Since the development of XML, several applications have arisen in the areas of (IBM, 2005):
- Web publishing: XML allows you to create interactive pages, allows the customer to customize those pages, and makes creating e-commerce applications more intuitive.
- Web searching and automating Web tasks: XML defines the type of information contained in a document, making it easier to return useful results when searching the Web.
- General applications: XML provides a standard method to access information, making it easier for applications and devices of all kinds to use, store, transmit, and display data.
- e-business applications: XML implementations make electronic data interchange (EDI) more accessible for information interchange, business-to-business transactions, and business-to-consumer transactions.
- Metadata applications: XML makes it easier to express metadata in a portable, reusable format.
- Pervasive computing: XML provides portable and structured information types for display on pervasive (wireless) computing devices such as personal digital assistants (PDAs), cellular phones, and others.
There are two ways to define the structure of an XML document. Those are Data Type Definition (DTD) documents and XML schema documents. DTD documents were introduced by SGML, and they conform to Extended Backus Naur Form (EBNF). XML Schema documents on the other hand are written using an XML syntax.
Both DTD and XML schema allow for the specification of constraint rules which are applied to the contents of XML instance documents. These take the form of rules for validating the structure of XML elements.
XML elements can contain data, other elements, a combination of both, or neither, as in an empty element.

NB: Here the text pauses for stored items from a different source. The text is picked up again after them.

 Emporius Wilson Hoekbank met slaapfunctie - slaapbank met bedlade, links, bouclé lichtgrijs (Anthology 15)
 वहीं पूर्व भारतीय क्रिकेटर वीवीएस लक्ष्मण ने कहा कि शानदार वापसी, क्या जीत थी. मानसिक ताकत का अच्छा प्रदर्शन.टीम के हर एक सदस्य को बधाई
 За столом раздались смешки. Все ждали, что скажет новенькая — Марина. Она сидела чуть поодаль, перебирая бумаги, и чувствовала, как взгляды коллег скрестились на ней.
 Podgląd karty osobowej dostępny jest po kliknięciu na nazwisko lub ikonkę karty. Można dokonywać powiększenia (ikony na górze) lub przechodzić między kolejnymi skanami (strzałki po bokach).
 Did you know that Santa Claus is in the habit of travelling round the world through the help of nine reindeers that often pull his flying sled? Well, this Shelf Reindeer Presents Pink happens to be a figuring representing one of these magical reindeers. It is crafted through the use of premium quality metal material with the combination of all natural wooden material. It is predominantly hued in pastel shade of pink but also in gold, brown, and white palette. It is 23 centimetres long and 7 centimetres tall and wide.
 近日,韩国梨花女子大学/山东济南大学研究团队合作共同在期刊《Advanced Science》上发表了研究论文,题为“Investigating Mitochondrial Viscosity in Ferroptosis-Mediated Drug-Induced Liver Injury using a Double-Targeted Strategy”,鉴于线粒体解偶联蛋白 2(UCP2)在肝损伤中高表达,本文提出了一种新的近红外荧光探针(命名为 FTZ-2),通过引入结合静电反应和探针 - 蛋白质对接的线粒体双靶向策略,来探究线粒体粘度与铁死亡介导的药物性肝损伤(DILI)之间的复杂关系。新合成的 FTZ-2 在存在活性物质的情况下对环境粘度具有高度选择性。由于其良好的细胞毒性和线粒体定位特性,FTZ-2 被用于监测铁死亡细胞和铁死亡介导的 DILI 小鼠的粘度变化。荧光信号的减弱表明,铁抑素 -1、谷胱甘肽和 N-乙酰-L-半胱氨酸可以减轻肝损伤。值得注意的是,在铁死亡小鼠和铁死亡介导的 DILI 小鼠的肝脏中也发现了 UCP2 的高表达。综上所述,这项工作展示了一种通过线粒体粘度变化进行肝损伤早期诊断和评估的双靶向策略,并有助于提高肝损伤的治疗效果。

All XML documents have a single root element which contains sub elements, and their sub-elements and so on. This results in a hierarchical tree structure within the XML document.
Because of it’s development through SGML, Document Type Definitions (W3C, 1998) are more suited to document centric applications, such as HTML. HTML is specified using DTD. While DTD can define the structure of a document, it does not have the ability to specify rules which should apply to the data. That is, all data contained within the XML document, DTD treats it as a string. This suits document markup languages, but is not suitable when an application needs to control the contained data.
XML Schema Language was developed to overcome this shortfall (W3C, 2000). XML schema defines many more data types, and allows for the specification of rules which not only apply to the structure of the XML document, but to the contained data too. In this way an XML tag can be defined with a type of nonNegativeInteger, and a validating XML parser would fail the document if the data was other than an integer greater than zero.
Storing XML Data
Scardina, Chang and Wang (2004) offer three options when it comes to storage of XML data. They are store the XML document as is, extract the data from the document and store as relational data, or use XML database types to store the XML.
If you think of a content management system, which is managing XML documents then it is not hard to see that one could just store the XML file as it is, without any processing. Oracle and other databases offer character large object types which could support the storage of the XML file as a large string. Alternatively, one could store the XML files on the file system. The result is the same, all the application can do with the documents is to read and write them as a whole.
If this is an approach which is suitable to an application, then the designers should consider compressing the XML files before storage. XML has a verbose syntax, and can often expand the storage required significantly over the actual data being stored. The W3C Efficient XML Interchange Working Group have the responsibility of finding ways to overcome XML’s verbosity, and provide an efficient means of compressing XML for transport and storage (Cover, 2007). Harrusi, Averbuch, & Yehudai (2006), have also published an XML aware compression technique.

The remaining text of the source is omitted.